It shot down a test missile in the boost phase. (See Video below)
It’s also historic, as Boeing brags in a press release, “This experiment marks the first time a laser weapon has engaged and destroyed an in-flight ballistic missile, and the first time that any system has accomplished it in the missile’s boost phase of flight. ALTB has the highest-energy laser ever fired from an aircraft, and is the most powerful mobile laser device in the world.”

Feb. 11, 2010 — An infrared image of the Missile Defense Agency’s Airborne Laser Testbed (right) destroying a threat representative short-range ballistic missile
Funding for the ABL program has been cut back, and critics still think is “pie in the sky” But when building multi-layered missile defense, in which no one system can be counted on 100 percent to stop a (potentially nuclear-tipped) incoming missile, the ABL could be the first best defense against madmen and rogue states.
The flying “star warrior” has several advantages over land-based systems, in that it could be deployed to any place in the world where an unexpected threat emerges, as well as the usual hot spots, like North Korea, if tensions were to rise.
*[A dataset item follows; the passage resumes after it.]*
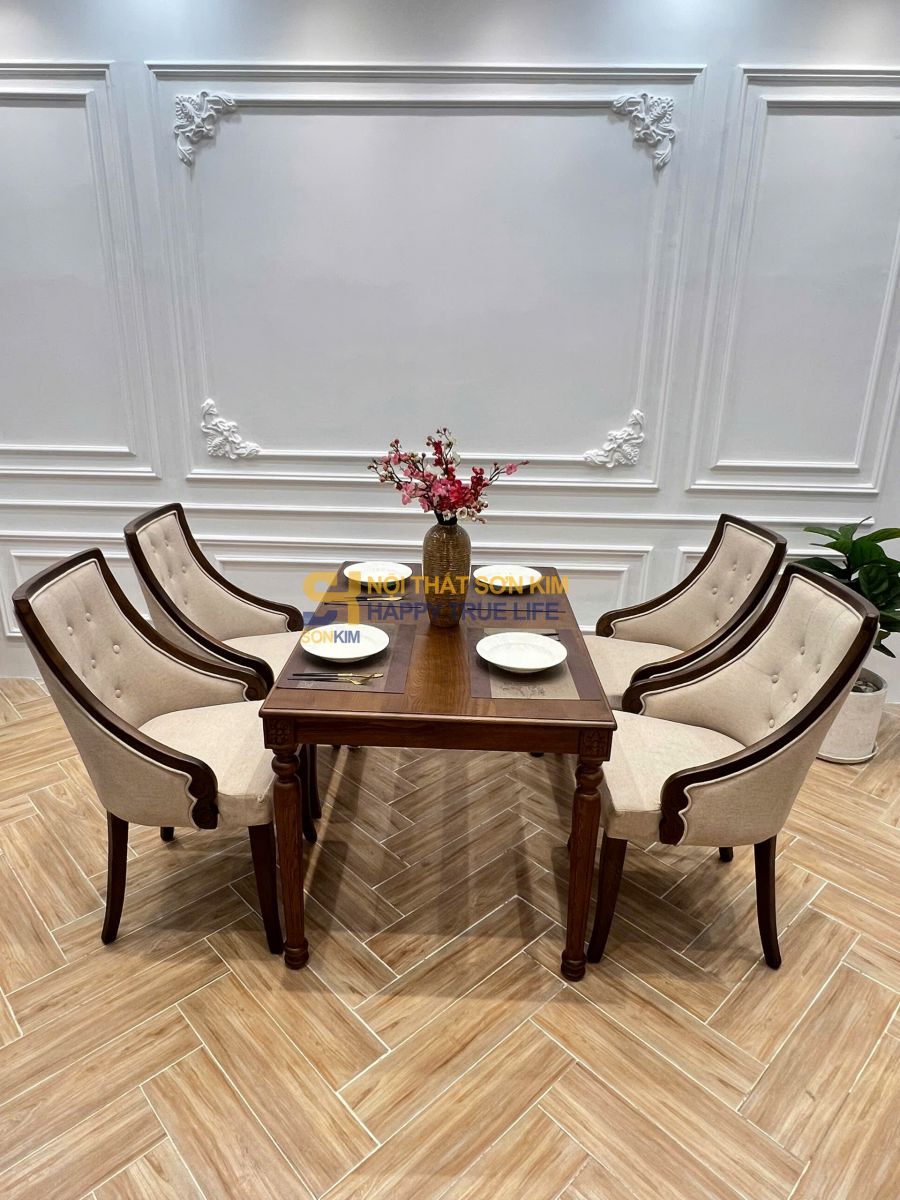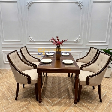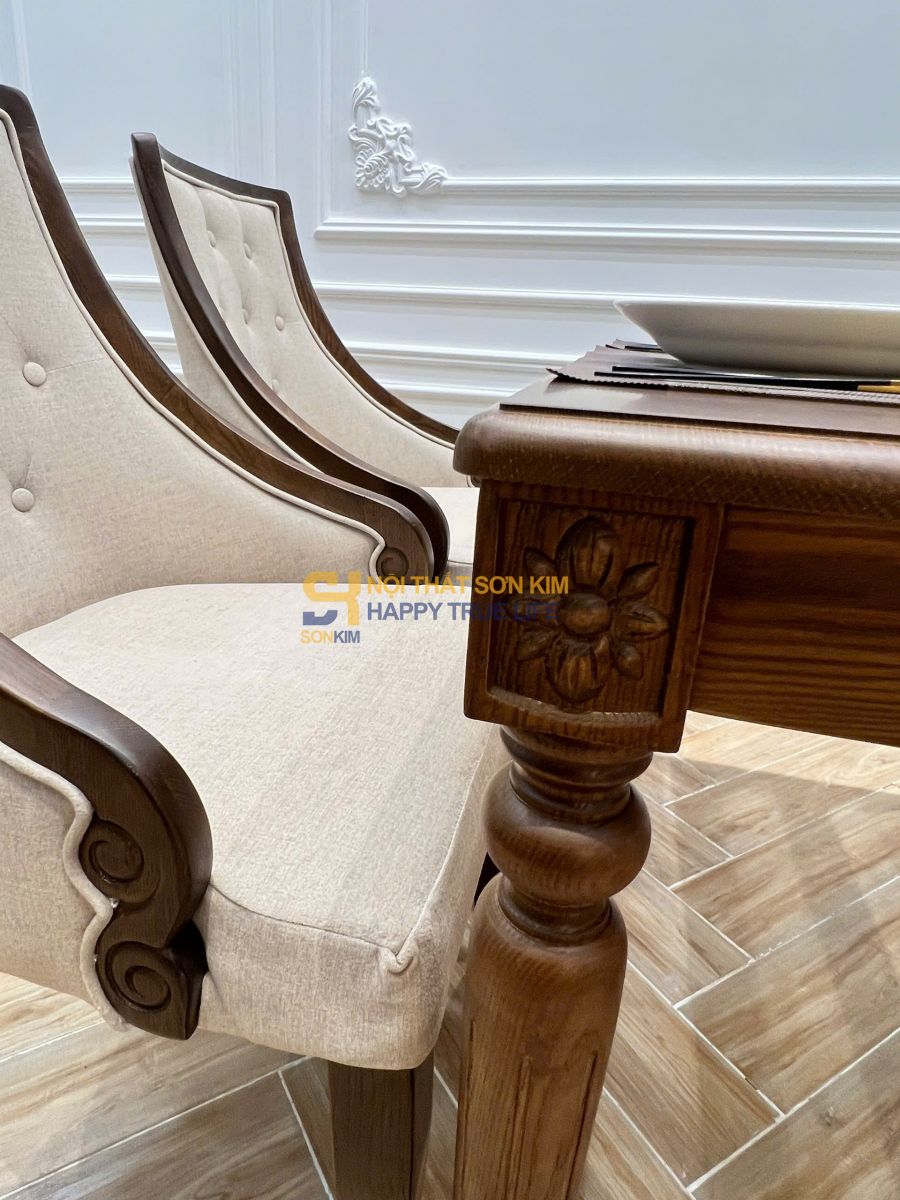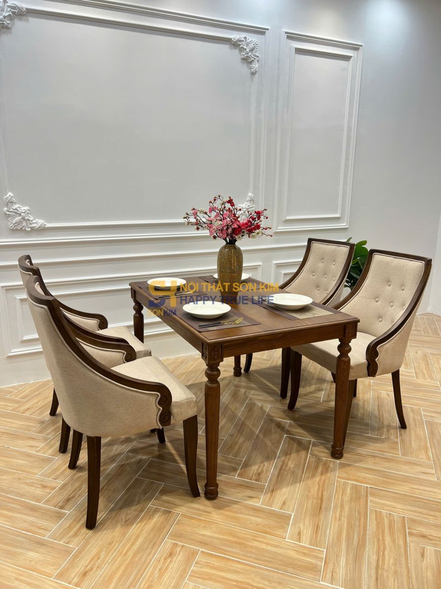 Bộ bàn ăn Louis Tần Bì & Ghế Amber Gỗ Màu Nâu BGA127

ICBMs are most vulnerable in their boost phase, when they are filled with fuel, and can be destroyed with a high-energy laser, if you can track it.
Sounds like science fiction, but February 11th it was shown to be science fact.
Is it worth the money? How many layers of defense do we need?
Considering the old saying that one nuclear weapons could ruin your whole day, I subscribe to the redundancy theory of redundancy.
If North Korea, or Iran were to threaten the world with a nuclear armed missile, I would like to know — and I would like for THEM to know — we have a good chance of bringing it down over their territory.